SEPARATION AGREEMENT AND RELEASE

This Separation Agreement and Release (“Agreement”) is made by and between John A. Josey (“Executive”) and Peloton Therapeutics, Inc. (the “Company”) (jointly referred to as the “Parties” or individually referred to as a “Party”).

RECITALS

WHEREAS, Executive was employed by the Company as its President and Chief Executive Officer;

WHEREAS, Executive signed an employment letter with the Company on [Click And Type Date] (the “Employment Letter”);

WHEREAS, Executive signed an At-Will Employment, Confidential Information, Invention Assignment and Arbitration Agreement with the Company on August 31, 2011 (the “Proprietary Information Agreement”);

WHEREAS, Executive previously was granted equity awards to acquire the Company’s common stock (each, a “Company Equity Award”) pursuant to a Company equity incentive plan and the applicable form of award agreement thereunder (collectively, the “Stock Agreements”).

WHEREAS, Executive separated from employment with the Company effective [Click And Type Date] (the “Separation Date”); and

WHEREAS, the Parties wish to resolve any and all disputes, claims, complaints, grievances, charges, actions, petitions, and demands that the Executive may have against the Company and any of the Releasees as defined below, including, but not limited to, any and all claims arising out of or in any way related to Executive’s employment with or separation from the Company.

NOW, THEREFORE, in consideration of the mutual promises made herein, the Company and Executive hereby agree as follows:

AGREEMENT

1.    Consideration.
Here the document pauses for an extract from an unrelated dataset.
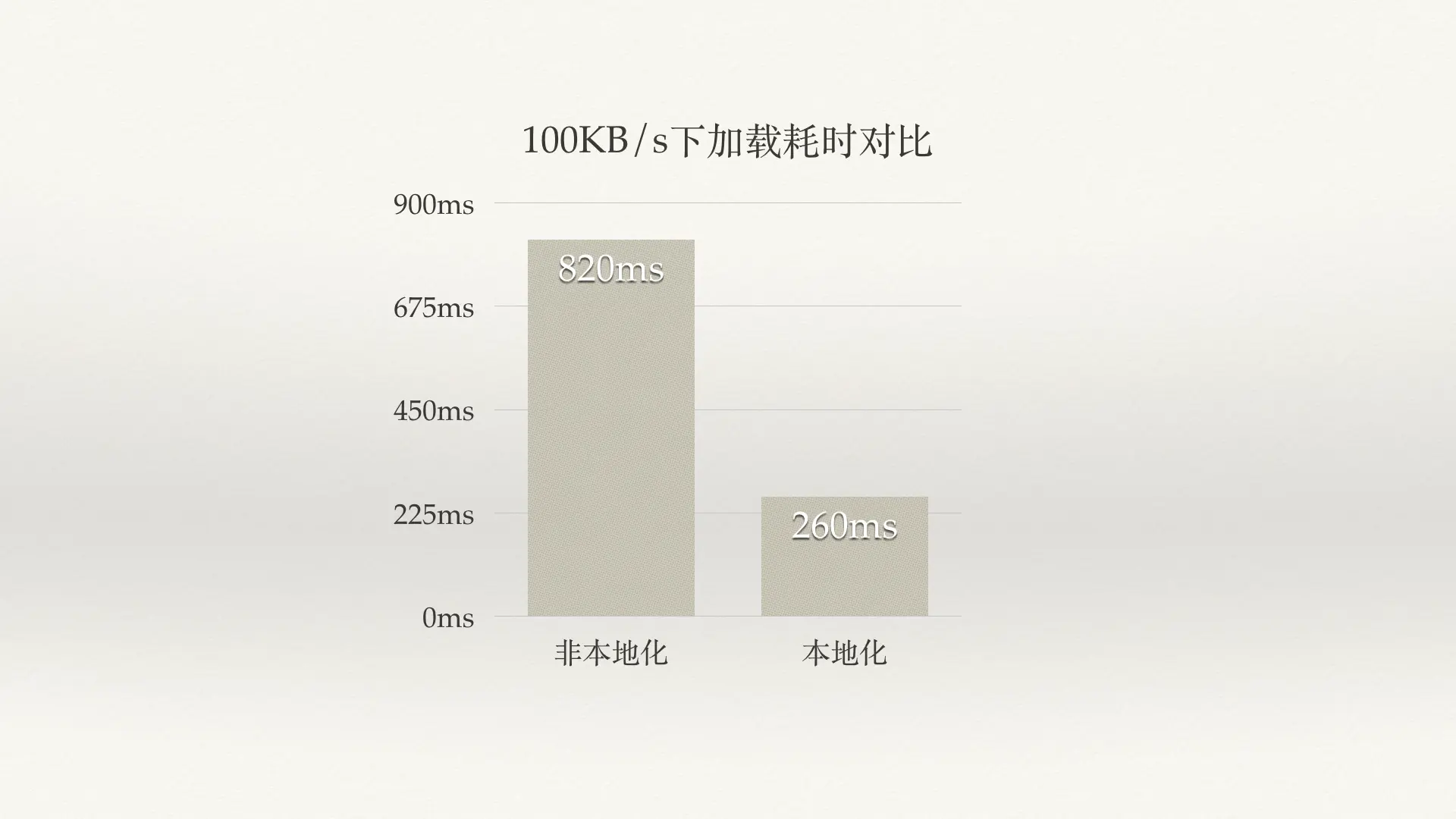 从上面两个优化点我们可以看到所有的优化还是网络的优化,主要还是在移动端网络对性能的影响是远远大于其他方面的。那么是否有什么方案能够让我们免去这些网络请求呢,最终我们给的答案就是详情页本地化。通过本地化方案,我们将平均 820ms 的首屏渲染时间优化到了 260ms,整整提高了三倍多!

In consideration of Executive’s execution of this Agreement and Executive’s fulfillment of all of its terms and conditions, and provided that Executive does not revoke the Agreement under paragraph 6 below, the Company agrees as follows:

[Applicable consideration to be added from employment letter].

Executive acknowledges that without this Agreement, he is otherwise not entitled to the consideration listed in this Section 1.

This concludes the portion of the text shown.